The blade shapes corresponding to the objective extrapolation blade load were obtained by the trained SOGPR and MOGPR models, respectively. We can see in Figure 10 that the extrapolation blade shape calculated by the MOGPR model almost approaches its objective blade shape, and the blade shape is smoother and continuous for the correlation between the blade shape parameters that is taken into account by the correlation matrix. Some elements of the learned correlation matrix Kc are shown in equation (11). It can be seen that the correlation matrix is a symmetric matrix, and the farther the elements are from the principal diagonal, the smaller the element values are, which reveals that the correlation between any output parameters of blade shape decreases gradually with the increase of their distance. As shown in Figure 11, however, the extrapolation blade shape acquired by the SOGPR model is messy in the middle section of the blade because the 20 parameters for blade shape were calculated by the 20 SOGPR models individually and the correlation information between the blade shape parameters is ignored. Consequently, the MOGPR inverse problem model has better extrapolation characteristic than the SOGPR inverse problem model. The correlation matrix can restrict the relationship between blade shape parameters so that the blade shape characteristic is formulated more exactly. In addition, comparing Figures 7 and 10, we can find that the inverse problem of extrapolation blade has higher uncertainty than that of interpolation blade.

5. Conclusions

(1)The Gaussian process regression method was introduced to the inverse problem of centrifugal pump blade. The complicated inverse problem was converted into the problem of getting the posterior distribution from the known prior distribution based on the Bayesian theorem in the background of machine learning. Both of the inverse problem models for pump blade design have good interpolation characteristics.(2)The LOO cross-validation was carried out, respectively, on both models, and the results were compared and analyzed.
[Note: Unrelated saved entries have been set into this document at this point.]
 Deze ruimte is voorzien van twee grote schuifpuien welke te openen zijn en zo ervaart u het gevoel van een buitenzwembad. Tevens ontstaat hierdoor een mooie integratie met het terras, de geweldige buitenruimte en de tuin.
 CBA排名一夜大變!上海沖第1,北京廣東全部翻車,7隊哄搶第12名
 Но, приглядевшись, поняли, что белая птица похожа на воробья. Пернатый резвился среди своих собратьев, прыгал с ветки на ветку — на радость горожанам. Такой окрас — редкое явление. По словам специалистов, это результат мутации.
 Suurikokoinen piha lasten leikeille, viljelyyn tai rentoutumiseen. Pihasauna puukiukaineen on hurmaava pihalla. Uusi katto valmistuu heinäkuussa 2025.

The blade shapes within the sample space can be achieved exactly and efficiently by both of the SOGPR and MOGPR inverse problem models according to the given objective blade load distributions. Both inverse problem models are robust to calculate the inverse problem of pump blade. The RMSE values of the MOGPR inverse problem model are generally lower than those of the SOGPR inverse problem model. The research shows that the accuracy of the MOGPR inverse problem model to calculate the inverse problem of pump blade is better than that of the SOGPR inverse problem model.(3)The extrapolation characteristics of both models were tested and compared. The extrapolation blade obtained by the MOGPR inverse problem model almost approaches its objective blade shape, and the blade shape is continuous and smoother. However, the extrapolation blade shape acquired by the SOGPR inverse problem model is messy, which is unable to achieve the inverse design. Since the outputs are considered dependent on each other in the MOGPR inverse problem model, the correlation between the outputs is adequately learned by the kernel function matrix. The extrapolation characteristic of the MOGPR inverse problem model is much better than that of the SOGPR inverse problem model. In addition, the accuracy of the proposed inverse methods for the interpolation blade is higher than that for the extrapolation blade.

Data Availability

The data used to support the findings of this study are available from the corresponding author upon request.

Conflicts of Interest

The authors declare that they have no conflicts of interest.

Acknowledgments

This research was funded by the National Key Research and Development Program of China (grant no. 2016YFB0200901), National Natural Science Foundation of China (grant no. 51979135), and Longyuan Young Innovative Talents Program.